You can check which model was used with option '--model-used'
Online Documentation: <https://gitlab.com/ai-gimlab/gptcli#gptcli---overview>
OPTIONS:
Global:
--defaults prints the program default values
-l, --list-models list names of all available models and exit
-m, --model=MODEL select model
use '--list-models' to list all available models
-p, --preview preview request payload and exit
--response-raw print full response body raw
--response-json print full response body json formatted
--help print this help
--version output version information and exit
Network:
--retries=RETRIES number of connection retries if network timeout occur
use the '--retries-wait' option to insert a pause between retries
--retries-wait=SECONDS in conjunction with '--retries RETRIES' option insert a pause between retries
--status check endpoint status before sending any request
exit program if any issue occur at endpoint side
--timeout=SECONDS network connection timeout, in seconds
apply to a complete request/response session
SECONDS = 0 means no timeout
--timeout-chunk=SECONDS stream mode network connection timeout, in seconds
apply to every streamed chunk of response
API Auth: ref: <https://gitlab.com/ai-gimlab/gptcli#how-to-get-and-use-openai-api-key>
-f, --file=APIKEY_FILE file with Openai api key (OPENAI_API_KEY=your_apikey)

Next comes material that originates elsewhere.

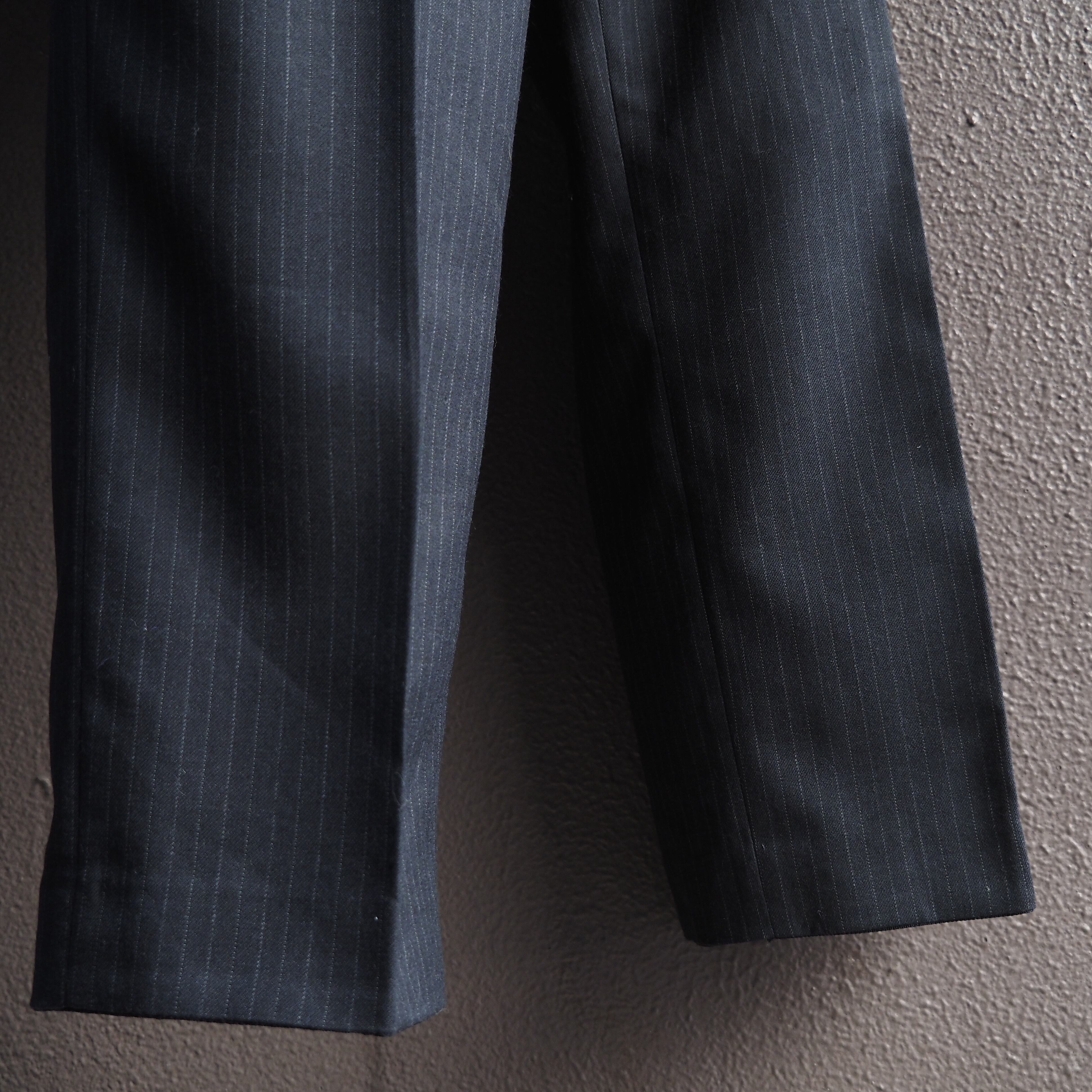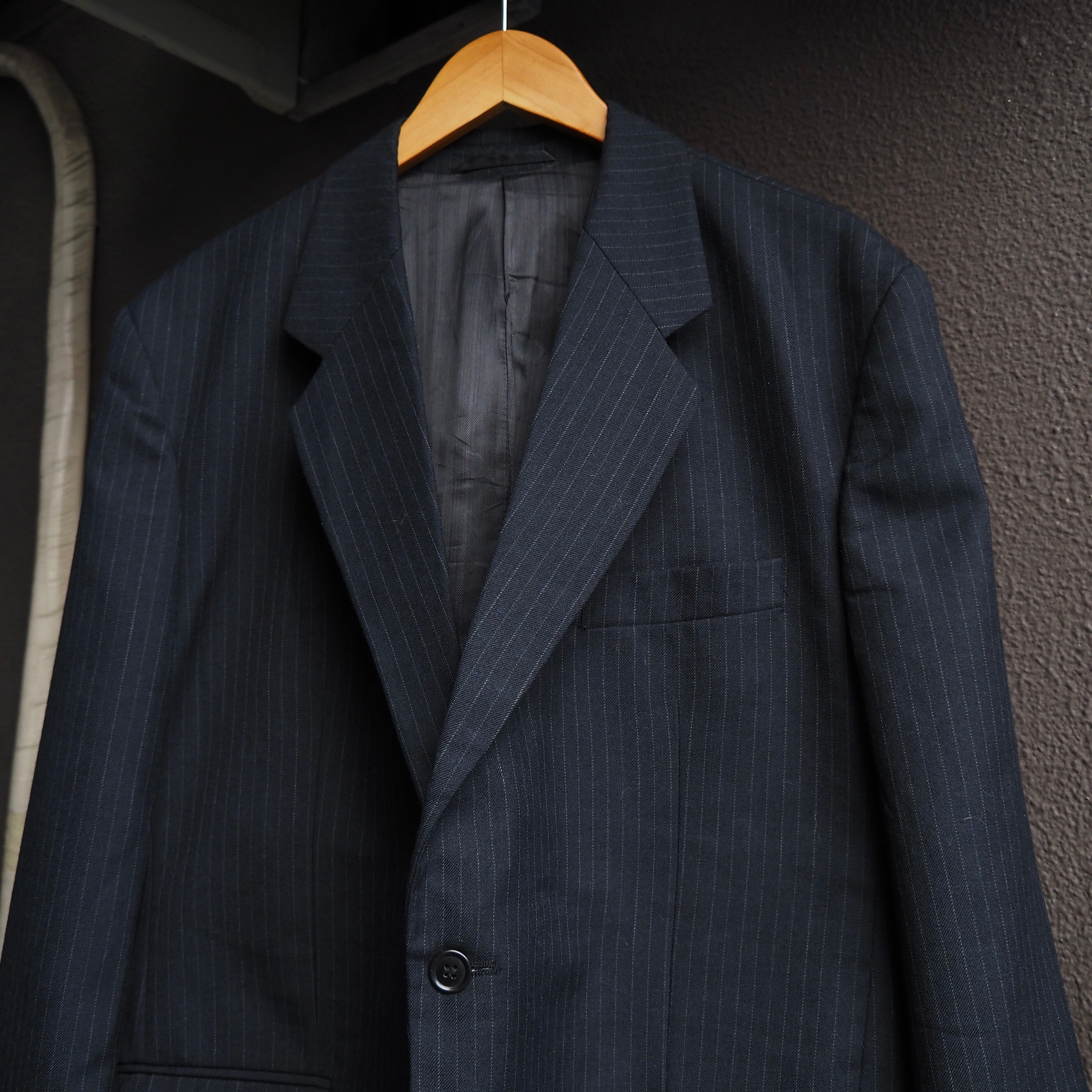チャコールグレーベースにピンストライプが乗るクラシックなスーツですが、しっかりとビンテージらしい雰囲気がありますので、古着らしい自由なスタイルにも落とし込みやすい1着です。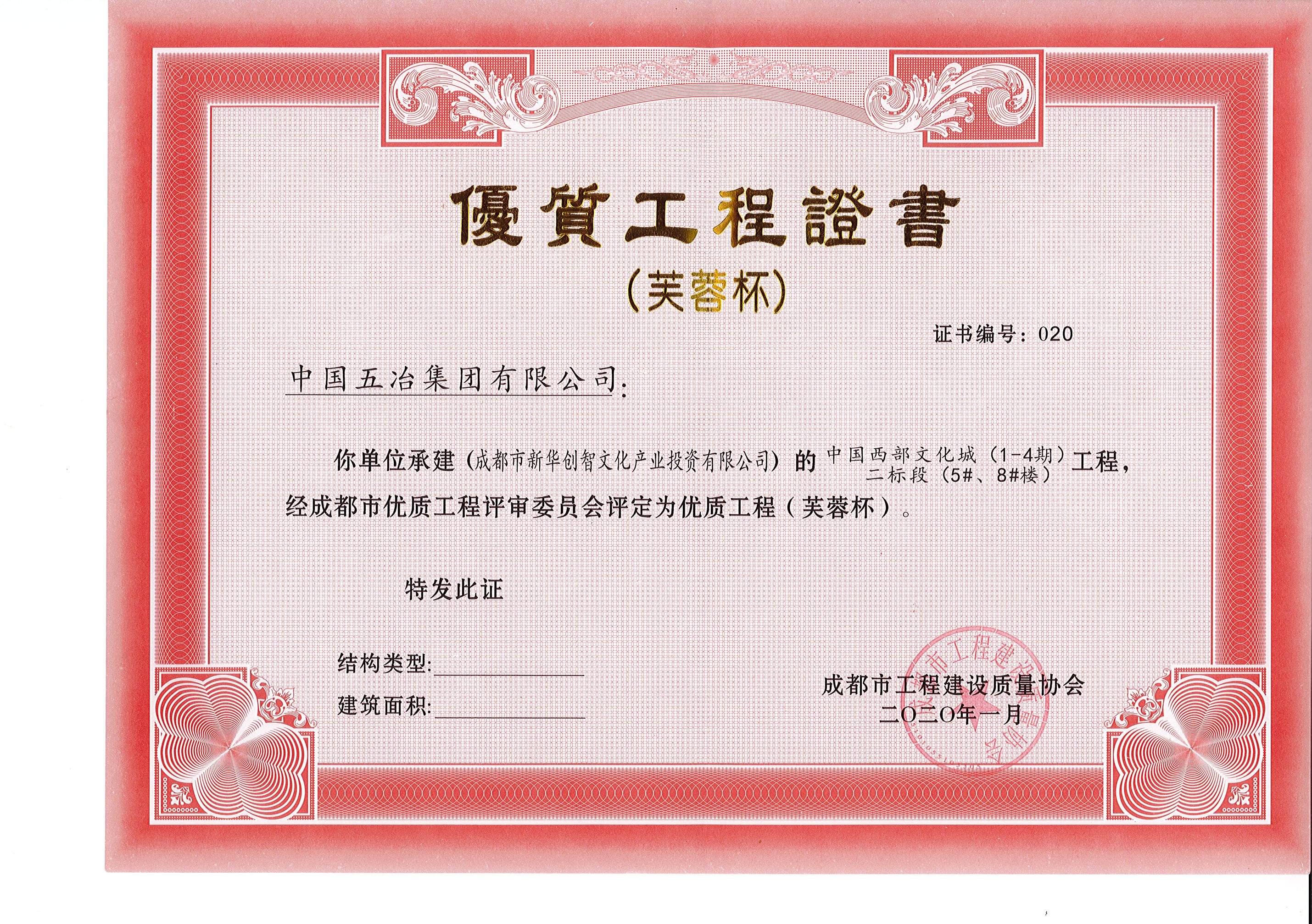 中国西部文化城(1-4期)二标段(5#、8#)—成都市芙蓉杯

Chat/Completion/Vision API: ref: <https://platform.openai.com/docs/api-reference/chat>
-a, --assistant="PROMPT" [role]: 'assistant' message PROMPT
must be used with '--previous-prompt' option
-c, --count=SELECT prints how many tokens have been used
can also print the word count of the AI response
SELECT can be 'in', 'out', 'total' (in + out) or 'words'
SELECT can also be any comma separated combination of above,
without any space, without trailing comma:
in,out
in,out,total,words
etc...
with options '--moderation' or '--moderation-bool' it has no effect
--cvs=CSV_FILE export request/response data, csv formatted, to CSV_FILE
no stream mode, no multiple response, no moderation
- if CSV_FILE does not exist: ask permission to create a new one
- if CSV_FILE exist: append data
--fingerprint print the system fingerprint of model backend configuration
--fp=VALUE frequency penalty: VALUE range from -2.0 to 2.0
--format=FORMAT the format that the model must output
FORMAT can be either 'text' or 'json_object' (or simply 'json')
--function='{JSON}' json object containing function definition
must be enclosed in single quotes
no stream mode
use '--function-examples' to view how to compose json object
support multiple functions
ref: <https://gitlab.com/ai-gimlab/gptcli/-/tree/main/examples?ref_type=heads#functions>
--function-call="MODE" how the model responds to function calls
MODE can be:
- "auto" (model choose if calling function)
- "none" (model does not call a function)
- "required" (model is forced to call one or more functions)
- "FUNCTION_NAME" (always call function "FUNCTION_NAME")
MODE must always be enclosed in single or double quotes
--function-examples print some examples of function json object and exit
--function-noparallel disable parallel function calling
--list-presets list all available predefined tasks and exit
--lb='{"ID": BIAS}' logit bias: BIAS range from -100 to 100
json object: maps token IDs to a BIAS value
must be enclosed in single quotes
keys must always be enclosed in double quotes
eg: --lb '{"1234": -10, "4567": 20, "890": -90}'
--logprobs return log probabilities of the output tokens in tabular format
- in conjunction with the '--response-json' or '--response-raw' options
logprobs are included in the response, json formatted
- with '--stream' option logprobs are printed only if used
in conjunction with the '--response-json' or '--response-raw' options
--model-used which model was used at endpoint side
--name=NAME NAME of the author of the request
--pp=VALUE presence penalty: VALUE range from -2.0 to 2.0
--preset=PRESET_NAME predefined tasks, such as summarization, sentiment analisys, etc...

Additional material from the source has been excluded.